Louis Faurer American, 1916–2001

Self-portrait, 42nd Street and 3rd Avenue El Station Looking Toward Tudor City, New York, 1946.
Series: The Light Suite
Gelatin Silver Print. Printed by Chuck Kelton, 1980-81.
Image: 21 x 20.7 cm / 8 1/4 x 8 1/8 in / Paper: 35.5 x 27.8 cm / 14 x 11 in
Signed, titled, and dated in pencil on the reverse

His own face is the thing he refuses to give us. A dark silhouette of a man in a hat fills the centre of the frame, head and shoulders rendered as pure shadow, and behind that absence the city goes on: a window, a tower receding into pale sky, the iron lattice of the El station looking toward Tudor City. Louis Faurer has photographed himself in 1946 as a hole cut into Manhattan, a man present only as the shape he blocks from the light.

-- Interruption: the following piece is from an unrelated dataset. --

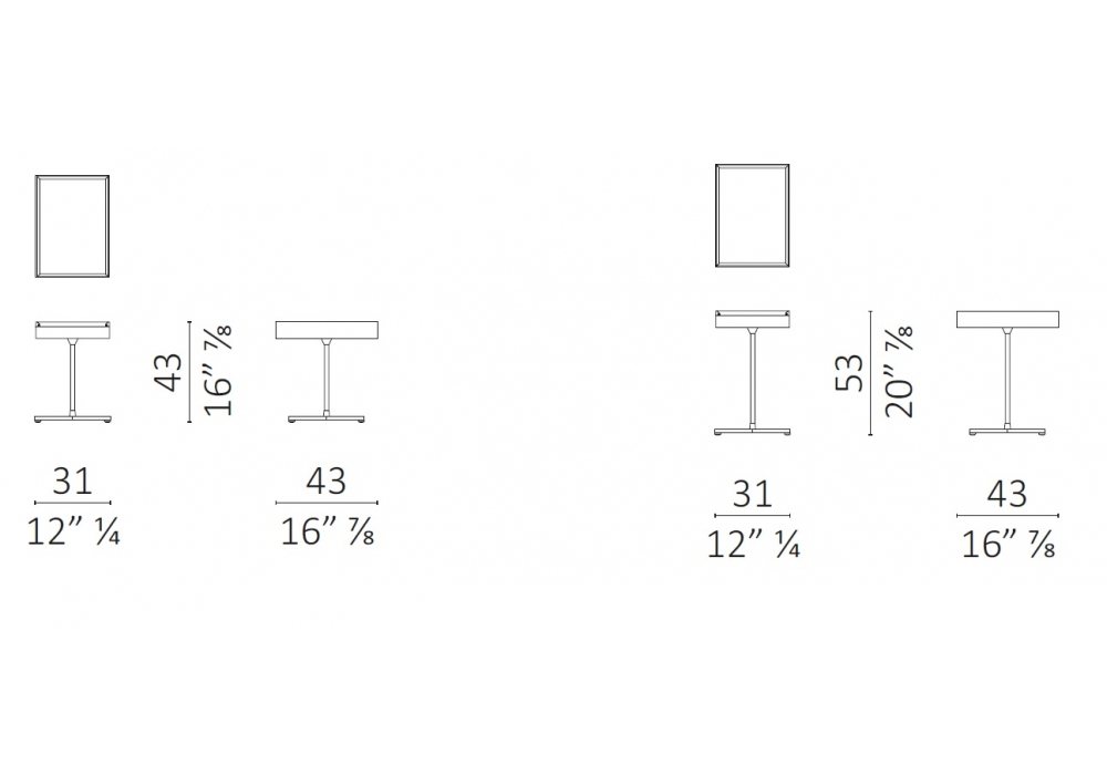 | Dimensioni | • 43 x 31 x H 43 cm; • 43 x 31 x H 53 cm |

The eye keeps trying to enter him and slides off, into the lit interior framed by the window, where another figure sits small and turned away, anonymous, a stranger occupying the very space where the self should be. Around the edges the curtain's scalloped lace, a hat rack to the right, a glowing sign to the left — the furniture of a diner or a window display — crowd in like the ordinary clutter we walk past without seeing. Faurer saw it, and used it to frame his own erasure.

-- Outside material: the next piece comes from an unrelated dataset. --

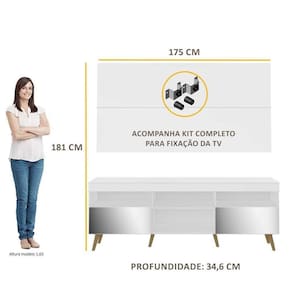 A sala de estar é o melhor lugar para receber a família e amigos, por isso ter um ambiente bonito e aconchegante é fundamental. O Rack com Painel e Suporte para TV 65" com Espelho e Pés Retrô Flórida Multimóveis é uma ótima opção para aproveitar seu espaço de maneira inteligente. Produzido em MDP com pintura UV, que garante maior durabilidade e facilidade na limpeza, possui espaço para os equipamentos eletrônicos e nichos para objetos decorativos, além de duas portas articuladas com espelho e um amplo espaço interno para manter seus pertences organizados. O painel para TV de até 65 possui espaçamento para passagem dos fios, que permite deixar os cabos mais organizados. Devido as variações de tamanho dos televisores no mercado, sugerimos que verifique as medidas da sua TV e compare com o painel antes de efetuar a compra.Para facilitar a sua vida, este produto acompanha também o kit para fixação da TV. Muito prático e de fácil instalação, pode ser utilizado para TVs LCD, LED e plasma de 14 a 71. Totalmente sobreposto, acompanha gabarito de montagem que auxilia na instalação. Conta com um sistema de encaixe rápido, possui 16mm de deslocamento que permite o ajuste do encaixe das peças. Os espelhos são de vidro (o que evita que a imagem fique distorcida) e lapidados, ou seja, passam por um processo para que as bordas não fiquem cortantes, o que garante maior segurança.Os pés palito, estilo retrô, em polipropileno, dão um charme especial ao móvel deixando-o com um visual leve e permitindo você compor um ambiente com ar vintage e moderno ao mesmo tempo.No mercado moveleiro desde 1995, a Multimóveis utiliza tecnologia de ponta e se diferencia através do acabamento superior, demonstrando o cuidado e carinho na fabricação dos móveis. Utilizamos matéria-prima de madeira proveniente de reflorestamento, que contribui para a preservação do meio ambiente.Tamanho Painel TV: 175 x 90cmDevido as variações de tamanho dos televisores no mercado, sugerimos que verifique as medidas da sua TV e compare com o painel antes de efetuar a compra.Dimensões do produto montado:Painel - Altura: 90cm | Largura: 175cm | Profundidade: 2,5cmRack - Altura: 63,6cm | Largura: 175cm | Profundidade: 34,6cmDisponível em 9 opções de cores: Branco Branco/Preto Branco/Natural Preto Preto/Branco Preto/Natural Duna/Branco Duna/Preto Duna/Natural.As cores do produto podem sofrer variações de tonalidade de acordo com as configurações do seu monitor/celular.Imagem meramente ilustrativa. Decoração não acompanha o produto.Produto NOVO acompanha nota fiscal, manual de montagem e certificado de garantia.O produto será entregue desmontado e a Multimóveis não disponibiliza o serviço de montagem.

To make a self-portrait by disappearing is a particular kind of honesty. The walker in the city is always partly a ghost, half-attached to the crowds he moves among, recording everyone but himself. Here the recorder steps into the picture only to dissolve, leaving the buildings to stand for him, the lamps to keep their small vigil. He is the darkest thing in the photograph and the least knowable, a man who would rather show you the street he loved than the face that loved it.